In New Zealand, one doesn’t think of earthquakes but they are always possible. I slept through one on Bali, which killed several people
New Zealand has plenty of dangerous activities including tramping, helicopters, ice climbing, climbing Mount Cook and the volcanic areas around National Park, Rotorua and White Island.
My article on the Tongariro Crossing outlines some of these around National Park. Mount Ruapehu, Ngauruhoe and Tongariro aren’t necessarily benign.
In the article I say:
The park’s three volcanoes Tongariro, Ngauruhoe and Ruapehu — all active — are the southern end of a 2500 km long range of volcanoes. The northern end of this volcanically active zone within New Zealand, which passes through Taupo and Rotorua, is White Island in the sea off the Bay of Plenty. All three are magic places to visit and within a few hours drive of Tongariro.
The cause of this volcanic activity in New Zealand is where the Pacific Tectonic Plate is subducted under the Australian Plate.
The Ketahi Hut towards the end of the Tongariro Crossing walk is no longer permitted as an overnight stop because a boulder ejected from the small Te Maari craters crashed through the roof of the hut. It would have killed anyone in the bed, but the bed was empty. More dangerous is the lahar zone at the end of the walk. You are told to not to linger and if you hear a loud noise to run like hell. This might be difficult because the zone is 2 km long and you are usually quite tired when you reach it.

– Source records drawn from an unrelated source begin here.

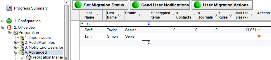 Once a user has been successfully audited, a green checkmark will appear in the Mail Access/Access column of some subsequent views (see Send End User Notifications View screenshot above). This green checkmark will only appear if the Audit Mail Files step has been completed successfully.
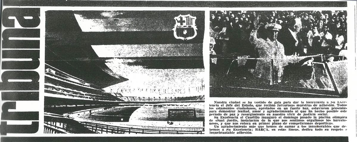 1966 - La revista oficial del Fútbol Club Barcelona agradece la visita y inauguración de la piscina "Sant Jordi" por Franco.
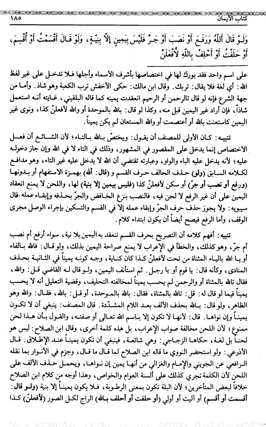 تَنْبِيهٌ أَفْهَمَ كَلَامُهُ أَنَّ التَّصْرِيحَ بِحَرْفِ الْقَسَمِ تَنْعَقِدُ بِهِ الْيَمِينُ بِلَا نِيَّةٍ، سَوَاءٌ أَرَفَعَ أَمْ نَصَبَ أَمْ جَرَّ، وَهُوَ كَذَلِكَ، وَالْخَطَأُ فِي الْإِعْرَابِ لَا يَمْنَعُ صَرَاحَةَ الْيَمِينِ بِذَلِكَ، وَلَوْ قَالَ: فَاَللَّهِ بِالْفَاءِ أَوْ يَا اللَّهِ بِالْيَاءِ الْمُثَنَّاةِ مِنْ تَحْتُ لَأَفْعَلَنَّ كَذَا كَانَ كِنَايَةً، وَجْهُ كَوْنِهِ يَمِينًا فِي الثَّانِيَةِ بِحَذْفِ الْمُنَادَى، وَكَأَنَّهُ قَالَ: يَا قَوْمُ أَوْ يَا رَجُلُ. ثُمَّ اسْتَأْنَفَ الْيَمِينَ، وَلَوْ قَالَ لَهُ الْقَاضِي قُلْ: وَاَللَّهِ، فَقَالَ تَاللَّهِ بِالْمُثَنَّاةِ أَوْ وَالرَّحْمَنِ لَمْ يُحْسَبْ يَمِينًا لِمُخَالَفَتِهِ التَّحْلِيفَ، وَقَضِيَّةُ التَّعْلِيلِ أَنَّهُ لَا يُحْسَبُ يَمِينًا فِيمَا لَوْ قَالَ لَهُ: قُلْ: تَاللَّهِ بِالْمُثَنَّاةِ، فَقَالَ: بِاَللَّهِ بِالْمُوَحَّدَةِ، أَوْ قُلْ: بِاَللَّهِ، فَقَالَ: وَاَللَّهِ وَهُوَ الظَّاهِرُ، وَلَوْ قَالَ: بِاَللَّهِ بِحَذْفِ الْأَلِفِ بَعْدَ اللَّامِ الْمُشَدَّدَةِ. قَالَ الْمُصَنِّفُ: يَنْبَغِي أَنْ لَا تَكُونَ يَمِينًا وَإِنْ نَوَاهَا. قَالَ: لِأَنَّهَا لَا تَكُونُ إلَّا بِاسْمِ اللَّهِ تَعَالَى أَوْ صِفَتِهِ، وَالْقَوْلُ بِأَنَّ هَذَا لَحْنٌ مَمْنُوعٌ؛ لِأَنَّ اللَّحْنَ مُخَالَفَةُ صَوَابِ الْإِعْرَابِ، بَلْ هَذِهِ كَلِمَةٌ أُخْرَى، وَقَالَ ابْنُ الصَّلَاحِ: لَيْسَ هُوَ لَحْنًا بَلْ لُغَةً، حَكَاهَا الزَّجَّاجِيُّ: وَهِيَ شَائِعَةٌ، فَيَنْبَغِي أَنْ تَكُونَ يَمِينًا عِنْدَ الْإِطْلَاقِ. قَالَ الْأَذْرَعِيُّ: وَلَوْ اسْتَحْضَرَ النَّوَوِيُّ مَا قَالَهُ ابْنُ الصَّلَاحِ لَمَا قَالَ مَا قَالَ، وَجَزَمَ فِي الْأَنْوَارِ بِمَا نَقَلَهُ الرَّافِعِيُّ عَنْ الْجُوَيْنِيِّ وَالْإِمَامِ وَالْغَزَالِيِّ مِنْ أَنَّهَا يَمِينٌ إنْ نَوَاهَا، وَيُحْمَلُ حَذْفُ الْأَلْفِ عَلَى اللَّحْنِ؛ لِأَنَّ الْكَلِمَةَ تَجْرِي كَذَلِكَ عَلَى أَلْسِنَةِ الْعَوَامّ وَالْخَوَاصِّ، وَهَذَا أَوْجَهُ مِنْ كَلَامِ ابْنِ الصَّلَاحِ خِلَافًا لِبَعْضِ الْمُتَأَخِّرِينَ؛ لِأَنَّ الْبَلَّةَ تَكُونُ بِمَعْنَى الرُّطُوبَةِ، فَلَا يَكُونُ يَمِينًا إلَّا بِنِيَّةٍ.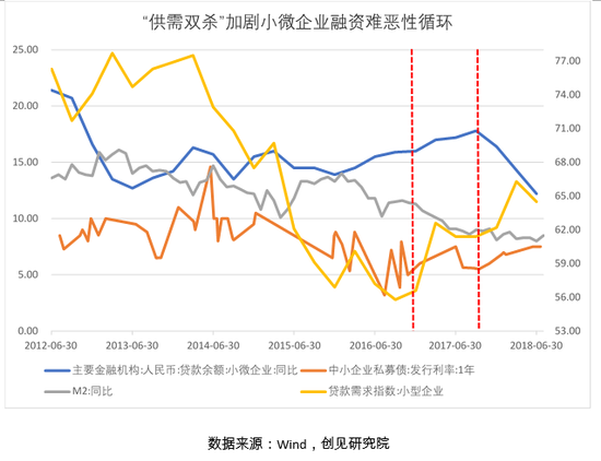 从需求角度看,早在2016年以来M2的开始快速下行时,小型企业贷款需求就经历了一波触底反弹,好在彼时小微企业贷款余额仍能稳健增长;而当M2进入个位数区间,以中小企业私募债为代表的小微企业融资成本再度上行,小型企业贷款需求急升至近3年高位,然而此刻银行对“后进生”们却选择了闭门谢客——“供需双杀”加剧了本轮小微企业融资难的恶性循环,不但涉及国民经济、更关乎国计民生的小微企业问题若再不引起关注,将可能引发极具传染性的系统性危机。
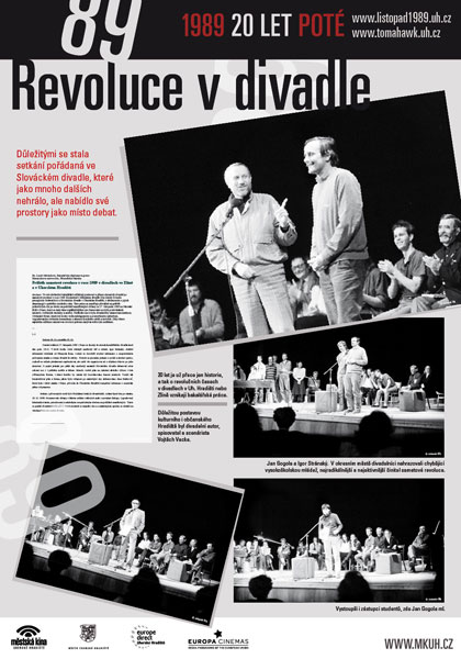 - Od 19.30 hodin v klubu Mír promítání dobových filmů z Uh.Hradiště a okolí z let 1988–1990. (Za spolupráci děkujeme zejména Slováckému muzeu, Slováckému divadlu, Městu Uh.Hradiště, Gymnáziu Uh.Hradiště, Michalu Stránskému, fotografům se jmény i bezejmenným, soukromým přispěvatelům a spoustě dalších.)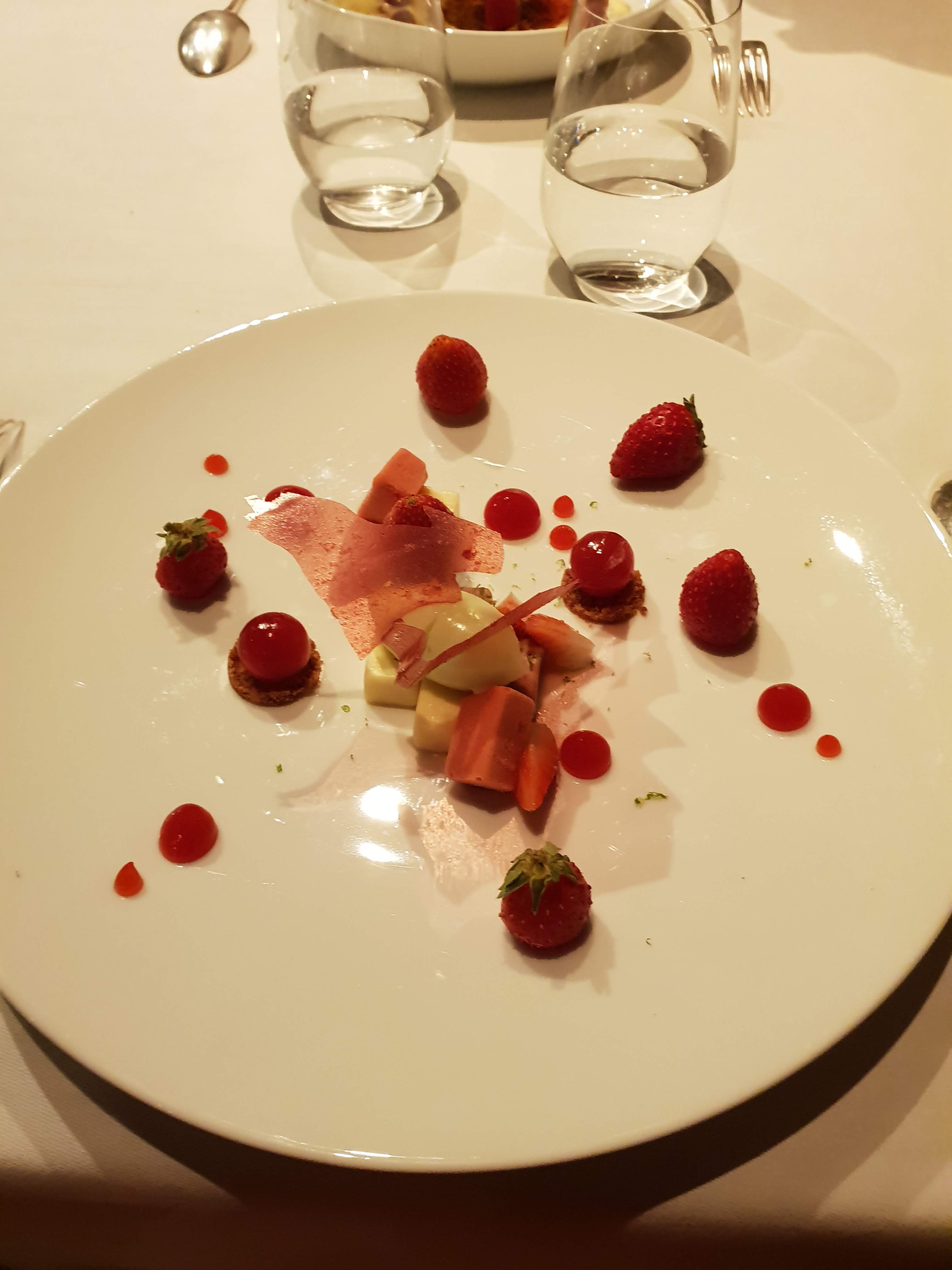 Un décor bucolique,une terrasse agréable,un service professionnel La cuisine est inventive : Le mignon de veau cuisson rosée parfaite avec la sauce béarnaise homard restera dans ma mémoire La déclinaison dessert autour de la rhubarbe travaillée de 5 ou 6 façons différentes est étonnante ( voir photo) Les petites bouchées début et fin de repas délices des papilles ...******* celle chocolat,crème,cerise Kirch j en reprendrai bien Bravo au cuisinier et à toute l 'équipe

On the ski area of Mount Ruapehu, surveys show that less than half of the skiers are aware of lahars. If the alarm goes off when you are skiing, you are meant to run uphill as fast as you can. One hopes that if half the skiers are running for their lives, the rest might follow.
I said in the article:
Lahars are another problem on Mount Ruapehu and also Tongariro. A lahar is a mudflow or debris flow (ash and rock) mixed with water and caused by volcanic activity. Lahars have been recorded on Mount Ruapehu since 1861, important ones were 1953, 1968, 1969, 1975, 1995 and 2007. The 1953 lahar damaged a bridge on the main Auckland to Wellington railway a short time before a train was due. The train derailed and 151 lives were lost.
The White Island Eruption
On 9 December 2019 at 14.20 White Island erupted. There were 47 people on the island at the time. Twenty-one people were killed and a further twenty-five were seriously injured, many critically.